La salle de bal de Anna Hope.
Éditions Gallimard, Coll. du Monde Entier, 17 août 2017, 400 pages.



Présentation de l'éditeur :

Lors de l’hiver 1911, l’asile d’aliénés de Sharston, dans le Yorkshire, accueille une nouvelle pensionnaire : Ella, qui a brisé une vitre de la filature dans laquelle elle travaillait depuis l’enfance. Si elle espère d’abord être rapidement libérée, elle finit par s’habituer à la routine de l'institution. Hommes et femmes travaillent et vivent chacun de leur côté : les hommes cultivent la terre tandis que les femmes accomplissent leurs tâches à l’intérieur.

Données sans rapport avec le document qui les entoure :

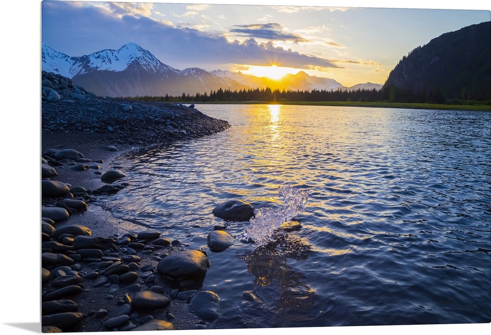 <p>A Small Piece Of Ice, The Remnants Of An Iceberg Calved From The Face Of Bear Glacier, Melts In The Sunset Near Bear Glacier Lagoon In Kenai Fjords National Park; Alaska, United States Of America</p>
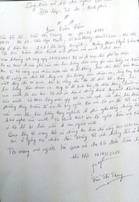 Tại cơ quan công an, Trang Trần đã viết bản kiểm điểm, xin lỗi lực lượng chức năng với nội dung: “Vì uống quá nhiều rượu nên tôi đã không làm chủ được bản thân. Tôi đã xuống xe chửi bới, lăng mạ lực lượng làm nhiệm vụ, dùng tay tát một đồng chí tự quản. Khi bị cưỡng chế tôi đã chửi bới, chống lại lực lượng làm nhiệm vụ. Nay tôi đã tỉnh táo, tôi nhận thấy hành vi của mình là sai trái. Tôi rất ân hận vì những hành động mất kiểm soát của mình.
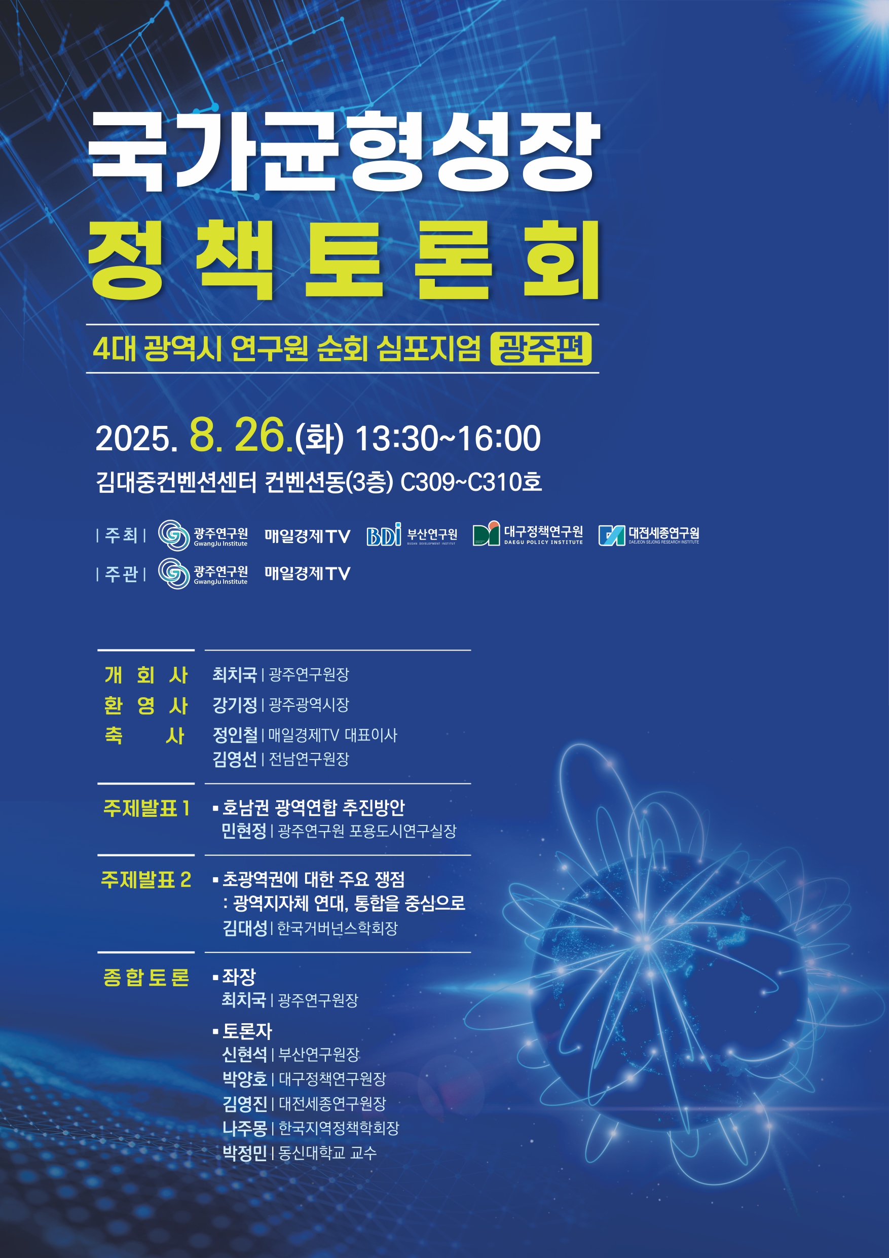 - 첨부파일 국가균형성장 정책토론회(4대 광역시 연구원 순회 심포지엄 광주편)_포스터 1부.jpg (1.58 MB) 미리보기 다운로드
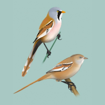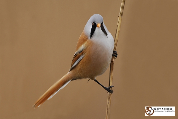 Ptak przypominający nieco sikorę, ale z długim, schodkowanym ogonem. Ubarwienie rudawobrązowe. Samiec ma popielatą głowę z długimi czarnymi plamami w kształcie wąsów oraz czarne podogonie. Na skrzydłach czarno-rudo-biały rysunek. Samica bardziej płowa, bez czarnego rysunku na głowie. Oko i dziób żółte.
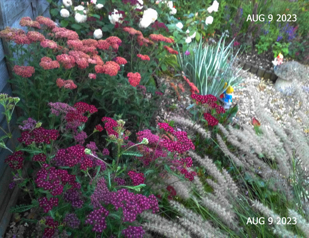 I have 3 Achilleas.. my favourite is the bottom one 'Summer Wine'. the other above it, is 'Paprika'.. I also have 'Red Velvet'.. all need staking but flower for a long period..
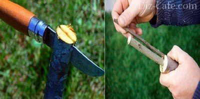 З держака знімаємо нирку. Для цієї роботи нам потрібен гострий ніж. Погано заточеним інструментом можна пошкодити щеплення матеріал і привести його в повну непридатність. Разом з ниркою зрізаємо щиток – невелику ділянку кори. Деревини при цьому намагаємося захопити якомога менше. Якщо роботи проводяться влітку, то над ниркою і під нею в 1,5-2 см робиться надріз, після чого вона зрізається зліва направо. Якщо справа відбувається навесні, нижній щиток має сенс зробити довше на 1-1,5 см.
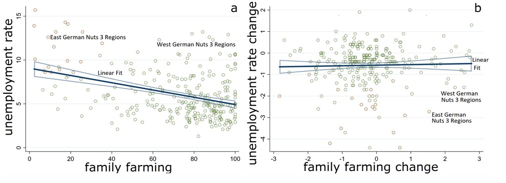 Unsere Datengrundlage sind FADN Daten auf Kreisebene von 2008 bis 2013. Wir finden, dass in Deutschland Regionen mit mehr Familienbetrieben weniger Arbeitslosigkeit haben (Abb.1a) und dies ist robust gegenüber vielen Kontrollvariablen. Betrachten wir allerdings Veränderungen über die Zeit, ein Setting im dem wir für noch viele weitere Störfaktoren kontrollieren können, so zeigt sich, dass ein Rückgang an Familienbetrieben nicht kausal zu mehr Arbeitslosigkeit führt (Abb.1b). Der Grund warum wir den starken Zusammenhang zwischen Familienbetrieben und Beschäftigungsquote sehen, sind regionale kulturelle Unterschiede.
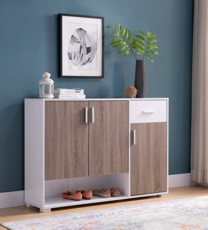 Expertly crafted with MDF and composite board, this shoe cabinet features a sleek white and dark taupe finish. Keep your shoes organized with three cabinet doors, one drawer on metal glides, and six cabinet shelves, while displaying your favorite pairs on the open shelf. Can hold up to 10lbs per shelf and 5lbs per drawer.
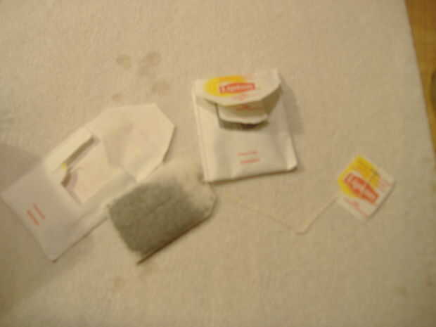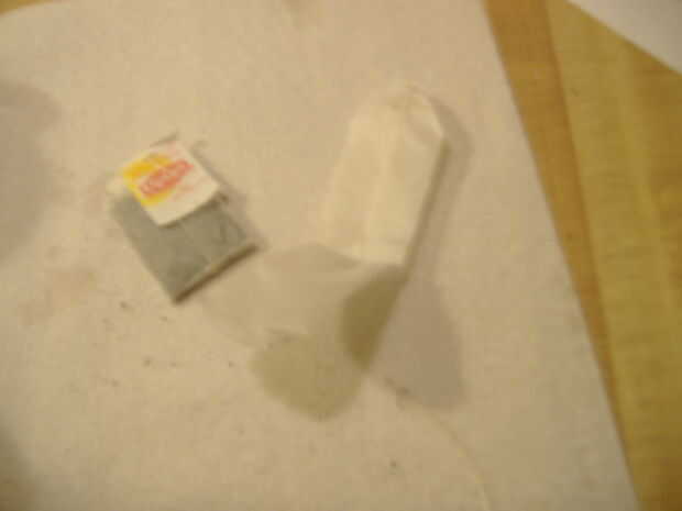 he encontrado estas bolsitas de té en mi despensa, pero cuando intenté hacer té de ellos he encontrado que realmente fueron llenados con un material marrón polvoriento, sin sabor en lugar de té. Desde que tuve un té de hojas sueltas en la misma despensa, decidí limpiar el polvo del té en bolsitas y sustituirla por té real, facilitando mi rutina de mañana. Si no tienes ningún saquitos llenos de polvo, siempre puede cortar aparte y doble filtros de café para hacer tus propias bolsitas de té.
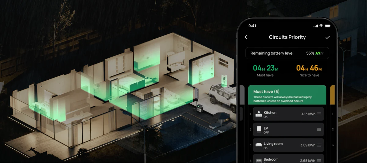 With Smart Home Panel 3, tag appliances by priority in the app. Essentials stay powered while non-essentials are throttled—extending backup time by up to 42%. EcoFlow AI Assistant fine-tunes power use in real time, adapting to weather, usage, and solar input.
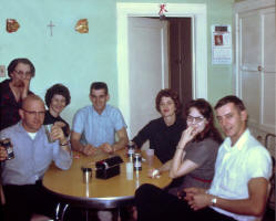 Card playing in 1964 at the Alice Abbey home - a winter sport! From left to right: Alice Abbey (behind Don); Don Wetzel (glasses); Marilyn (Abbey) Gustafson; Jim Abbey; Lenore (Abbey) Wetzel; Jan (Welk) Abbey; Alan Abbey. Photo courtesy of Kay Koslan.
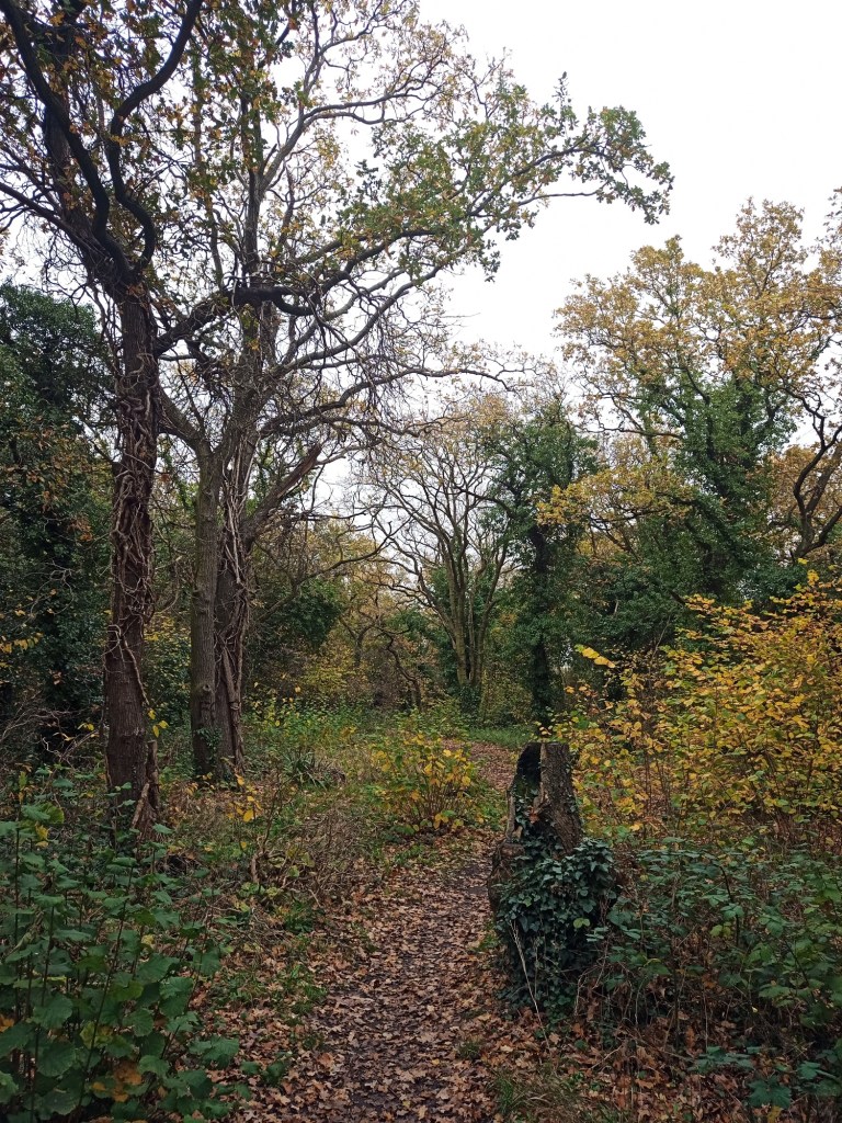 With the turning of the seasons, the times of early morning and early evening walks are gone, and my work day has been reshaped so as to allow for a walk at lunchtime instead. Because this limits how much of a walk I can do, I have found myself doing variations on a 4-5km loop, in which The Wood features each time. Indeed, The Wood is the part of the walk I look forward to the most. It’s not difficult to see why, when I tell you that most of the rest of the walk is paved.

Ils sont néanmoins réunis chaque vendredi dans une somptueuse salle de bal. Ella y retrouvera John, un «mélancolique irlandais». Tous deux danseront, toujours plus fébriles et plus épris.
À la tête de l’orchestre, le docteur Fuller observe ses patients valser. Séduit par l’eugénisme et par le projet de loi sur le Contrôle des faibles d’esprit, Fuller a de grands projets pour guérir les malades. Projets qui pourraient avoir des conséquences désastreuses pour Ella et John.
Après Le chagrin des vivants, Anna Hope parvient de nouveau à transformer une réalité historique méconnue en un roman subtil et puissant, entraînant le lecteur dans une ronde passionnée et dangereuse.


Ma lecture :

Voici un roman qui traite de sujets graves et tragiques sans lourdeur ni fatalisme. Dans cet asile de Sharston, dont la fameuse de bal a été inspirée par celle du High Royds Hospital de Menston, sont réunis des milliers de personnes auxquelles on ne reconnaît pas une place dans la société, tant parce qu'ils sont aliénés que parce qu'ils sont pauvres, asociaux, révoltés, violents, différents... ou que leurs familles ont fait le choix de les y placer. En ce début de XXème siècle, les frontières entre folie et indigence semblent ténues, et l'ignorance ou l'isolement être prétextes à internement.

Pour ce qui concerne Ella et John, le lecteur reste indécis. Même si rien ne semble indiquer qu'ils aient une quelconque raison d'être enfermés, j'avoue avoir eu du mal à dépasser le fait qu'ils soient bel et bien internés, selon le principe "qu'il n'y a pas de fumée sans feu". C'était d'ailleurs terrifiant : j'ai cherché tout au long du livre des preuves justifiant leur internement, en vain. L'une semblait être là simplement pour avoir n'avoir plus supporté sa situation d'ouvrière exploitée d'une filature et avoir brisé une vitre. L'autre pour n'avoir pas supporté la mort de son enfant.
"J'ai lu votre dossier, Mr Mullingam. J'avais envie d'en savoir plus sur votre cas. J'ai appris votre... tragédie. [...] Mais honnêtement Mr Mullingam, j'ai été quelque peu surpris. [...] Je comprends que la vie puisse... nous marquer. Mais vous êtes un bel homme fort. Dites-moi, comment vous êtes vous laissé aller à un tel abattement ? Hmm ? Ne pensez-vous pas que le monde a besoin de beaux hommes forts ?" (La salle de bal, Anna Hope, Ed. Gallimard, pages 122-123)

Et puis il y a Clem, qui entretiendra le lien entre eux deux. Elle est internée, semble-t-il à la demande de sa famille, parce qu'elle est fille et qu'elle lit trop. Un homme qui pleure son enfant, une fille qui lit, l'autre qui se révolte... voilà des choses qui ne se font pas en 1911. Et tout au long du récit, on tremble pour eux. On les sent fragiles, peu armés pour résister à la machine implacable qu'est cette institution. A chaque instant, on se demande s'ils ne seront pas dirigés vers ce triste bâtiment des aliénés, soit parce qu'ils vont de nouveau craquer, soit parce que les soignants ne porteront guère attention à eux, ou encore parce qu'un médecin les aura pris en grippe. Ce sera le cas de ce docteur Fuller, qui rêve de laisser son nom dans l'histoire de l'eugénisme, idée novatrice qu'il partage avec beaucoup de grands de ce monde (Wiston Churchill et Léonard Darwin, petit fils de Charles Darwin, pour ne citer que des anglais), et qui mènera aux pires horreurs que l'Histoire ait eues à connaître.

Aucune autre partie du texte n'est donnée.